Gene ontology and pathway analysis
Gene ontology (GO) analysis was applied to analyze the main function of differentially expression genes (DEGs) according to the gene ontology, the key functional classification of National Center of Biotechnology Information (NCBI) [11]. Two-side Fisher’s exact test and χ2 tests were used to classify the GO category. The false discovery rate (FDR) [12] was calculated to correct the p value. The standard of difference screening was FDR < 0.05.
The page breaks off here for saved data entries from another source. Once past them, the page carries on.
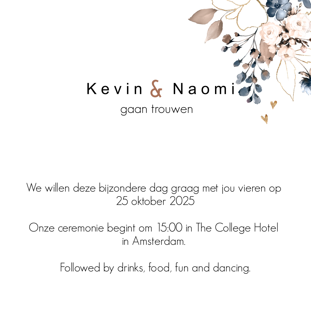 Een moderne trouwkaart met een strak lettertype en een bloemenboeket in goudkleur, donkerblauw, lichtroze en bruin. Chique en vrolijk tegelijkertijd! Wanneer is jullie trouwerij?
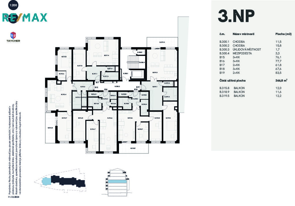V daném inzerátu představujeme byt typu 3+kk o celkové podlahové ploše 72,6 m2 s prostorným balkonem o samostatné ploše 11,6 m2. Byt bude situován v 3. NP podlaží. Vstupem se ocitněte v předsíní, velikost které umožňuje pohodlně umístit dlouhou vestavenou skříň. Z předsíně se dostanete do 25m2 velké obytné místnosti zároveň sloužící jako kuchyně a jídelna. Zde byt se rozděluje na další dvě časti: oddělenou ložnici o výměře 14,2m2 s vlastní oddělenou šatnou a velkého pokoje s výstupem na balkon. Dle většího pohodlí budoucích majitelů WC a koupelna jsou oddělené ve všech plánovaných bytech. Pokud potřebujete získat lepší dispoziční představu jsme připravili pro vás půdorys, který můžete najít na obrazových materiálech projektu. Standardně byt vybaven dřevěným podlahovým krytím v obytných místnostech a dlažbou v sanitárních místnostech, však je možnost se domluvit s developerem na individuálně změně těchto materiálů. Sklep 2,5 m2 je v ceně bytu.
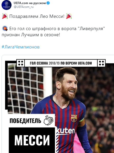 "Поздравляем Лео Месси! Его гол со штрафного в ворота "Ливерпуля" признан Лучшим в сезоне Лиги Чемпионов", - говорится в сообщении UEFA в соцсети.
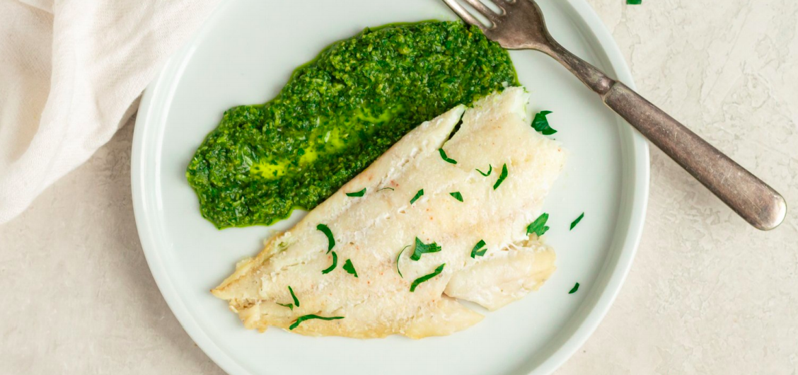To serve, divide the fish and green olive sauce between plates and enjoy!
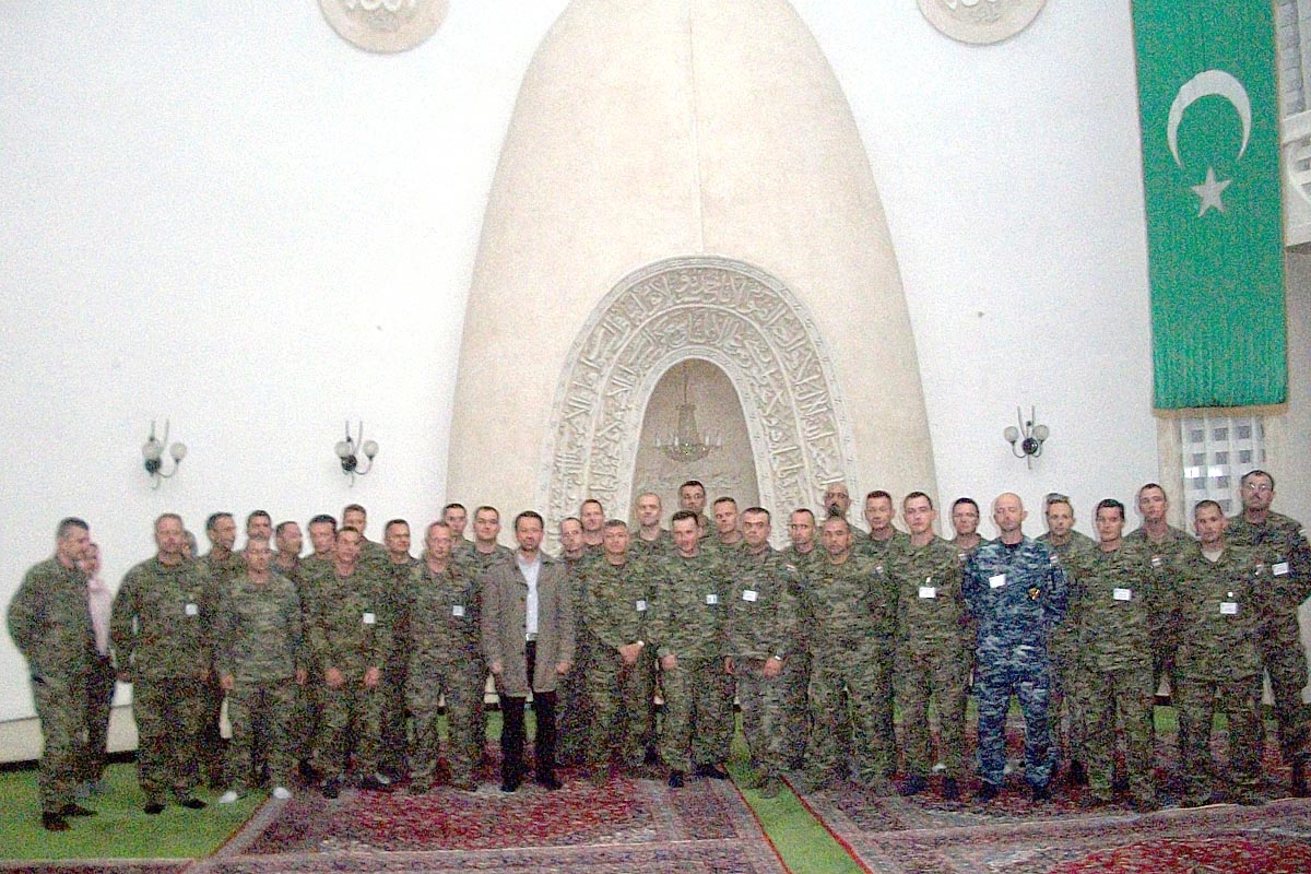 Pripadnici Središta za međunarodne vojne operacije OS RH iz sastava 3. HRVCON-a, u sklopu priprema za odlazak u mirovnu misiju Resolute Support u Afganistanu, posjetili su u četvrtak, 21.svibnja 2015. godine Zagrebačkoj džamiji

Pathway analysis was used to find out the significant pathway of the DEGs according to Kyoto Encyclopedia of Genes and Genomes (KEGG) [13]. The data analysis method and filter criteria were similar to the GO analysis.
Pathway-net analysis
Pathway-net analysis was built according to the interaction among pathways of the KEGG database to directly and systemically determine the interaction among the significant pathways [14].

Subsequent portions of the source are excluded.